A counterfactual, denoted as $X_{\text{cf}}$ , is a sample which has the most similar semantic or syntactic structure with the original sample $X_{\text{ori}}$ but has a different label. Recall that we cannot change the entities during the interventions for samples in RC tasks, hence we propose our entity-centric framework to generate counterfactuals by first identifying and then intervening on contextual casual features for entities via topological based analysis in SynDG and SemDG. The identification of causal features consists of two main steps.

•

To identify the syntactic casual composition around the entity, we conduct the centrality analysis for entities in two samples since centrality measures how importance a node is in the graph.
•

To identify the semantic casual composition between two entities, we employ the shortest dependency path (SDP) between them since SDP retains the most relevant information while eliminating irrelevant words (noises) in the sentence (Xu et al., 2015).

4.1 Generating Syntactic Counterfactuals

Since a counterfactual should flip the label of the original sample $X_{\text{ori}}$ , the candidate substitute $X_{\text{can}}$ which will be used for identifying causal features is randomly chosen from the training samples with different class labels ¹¹1In our implementation, we randomly select three candidate substitutes for the original sample.
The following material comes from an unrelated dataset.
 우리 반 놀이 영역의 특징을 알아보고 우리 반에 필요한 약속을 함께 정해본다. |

If none of generated candidates meets the requirements, they will all be discarded. If there are multiple candidates qualified as counterfactuals, one of them is chosen at random.. Moreover, since entities are of the most importance in RC tasks, the entities in the substitute should be most similar with those in $X_{\text{ori}}$ . In view of this, we first identify the syntactically similar entity nodes in SynDG using the centrality metric, which is proposed to account for the importance of nodes in a graph (network). We employ three types of centralities including betweenness centrality (BC), closeness centrality (CC), and degree centrality (DC) for this purpose. After that, we generate the contextual counterfactual for these syntactically similar entities to meet the condition of invariant entities, i.e., instead of changing entities, we intervene on their contexts. We term this proposed method SynCo as the substitution of casual features is based on the syntactic graph SynDG.
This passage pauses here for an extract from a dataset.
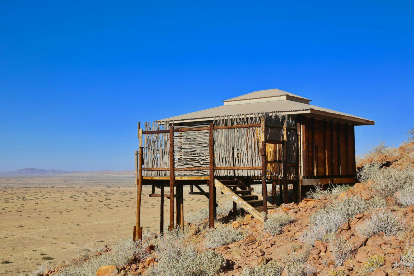 Die Hauptlodge wurde auf dem höchsten Punkt einer roten Düne mit umwerfende...
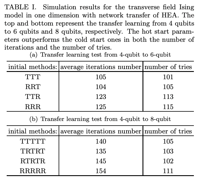 # 論文概要 事前に解決された課題の知識を別の関連する課題でさらに利用することで学習効率を向上させる転移学習の基本的な考え方に基づいた、VQAのBarren Plateau(BP)を緩和するパラメータ初期化手法。ランダムな初期化よりも優れておりBP緩和を示した。 # 論文を理解する上で重要な図など <img width="695" alt="Screen Shot 2021-12-22 at 9 37 21 AM" src="https://user-images.githubusercontent.com/32871721/147135528-5259622e-57f6-4f53-9f41-925486f024d9.png"> <img width="694" alt="Screen Shot 2021-12-22 at 9 37 40 AM" src="https://user-images.githubusercontent.com/32871721/147135535-0c783305-a366-416b-a520-cd6013624f86.png"> <img width="348" alt="Screen Shot 2021-12-22 at 9 37 56 AM" src="https://user-images.githubusercontent.com/32871721/147135536-dedba8ee-960e-4ae0-95f3-a3e3df36e2e1.png"> # 論文リンク https://arxiv.org/abs/2112.10952

We take two samples for illustration: an original sample $X_{\text{ori}}$ “They drank wine produced by wineries.” with “Product-Producer” relation, and a candidate sample $X_{\text{can}}$ “They bought the grapes from farms” with “Entity-Origin”. Their SynDGs and the intervention procedure are shown in Figure 2. The main procedure for SynCo is summarized below.
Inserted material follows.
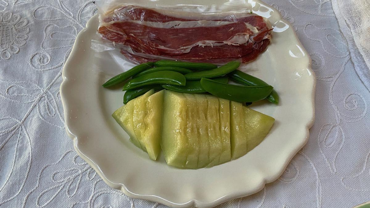 イベリコハムとスナップエンドウとメロン、
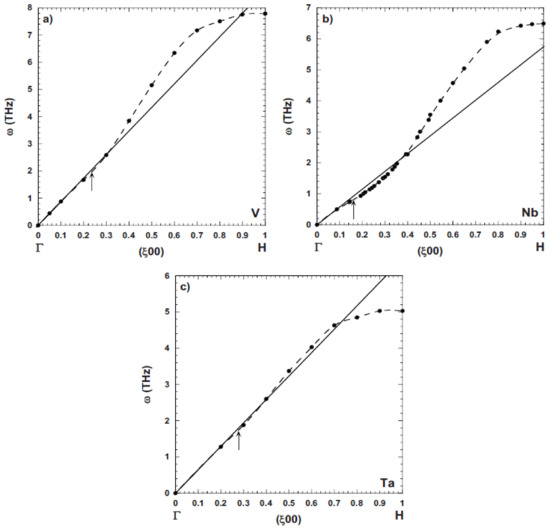 The experimental phonon dispersion TA curve in the (ξ00) direction for (a) V [70,96], (b) Nb [97,98], and (c) Ta [95]. The arrow indicates the Kohn anomaly obtained from ab initio calculations [76]. The straight line represents the elastic constant line.

1. We first calculate the average score for three centrality metrics of the entity and denote it as avgC(entity), e.g., avgC(wine_o) and avgC(grapes_c) is 1.24 and 1.17.

2. We then calculate the topological distance (TD) of two entities by minusing their avgC values. If TD is smaller than a predefined topological distance threshold (TDT), they form a candidate entity pair for substitute structures. For example, given TD(avgC(wine_o), avgC(grapes_c)) = 0.07 $<$ TDT and TD(avgC(wine_o), avgC(farms_c)) = 0.68 $>$ TDT, the entity ‘grapes’ in $X_{\text{can}}$ and the entity ‘wine’ in $X_{\text{ori}}$ form a candidate entity pair.

3. We now generate the candidate syntactic counterfactual. We calculate the cosine similarity of the syntactic features (POS and dependency relation embedding) for entities in the candidate entity pair. We denote it as FS. If it is greater than a predefined feature similarity threshold (FST), we substitute the first-order neighbors around the entity in $X_{\text{ori}}$ with those of the candidate entity in $X_{\text{can}}$ . These neighbors should have the same type of POS tags to ensure the correctness of the syntax. Moreover, if there are several words around entities and they all have the same type, we will replace the one with the smallest TD. For example, given FS(wine_o, grapes_c) = 0.877 $>$ FST, we can substitute the verb-type neighbors ‘drank_o’ and ‘produced_o’ of ‘wine’ with the same type neighbor ‘bought_c’ of ‘grapes’. Moreover, since TD(avgC(drank_o), avgC(bought_c)) = 0.57 and TD(avgC(produced_o), avgC(bought_c)) = 0.50, we replace ‘produced_o’ with ‘bought_c’ and retain ‘drank_o’ unchanged.

4. After substituting the contexts of the candidate entity pair and adding the label of $X_{\text{can}}$ , a candidate counterfactual is produced. In order to ensure that the sample we generate is a real counterfactual, we put it into the trained backbone model and re-predict its label. If the label is indeed changed, we treat it as the counterfactual of $X_{\text{ori}}$ . For example, “They drank wine bought from wineries.” with “Entity-Origin” relation is a counterfactual sample after SynCo.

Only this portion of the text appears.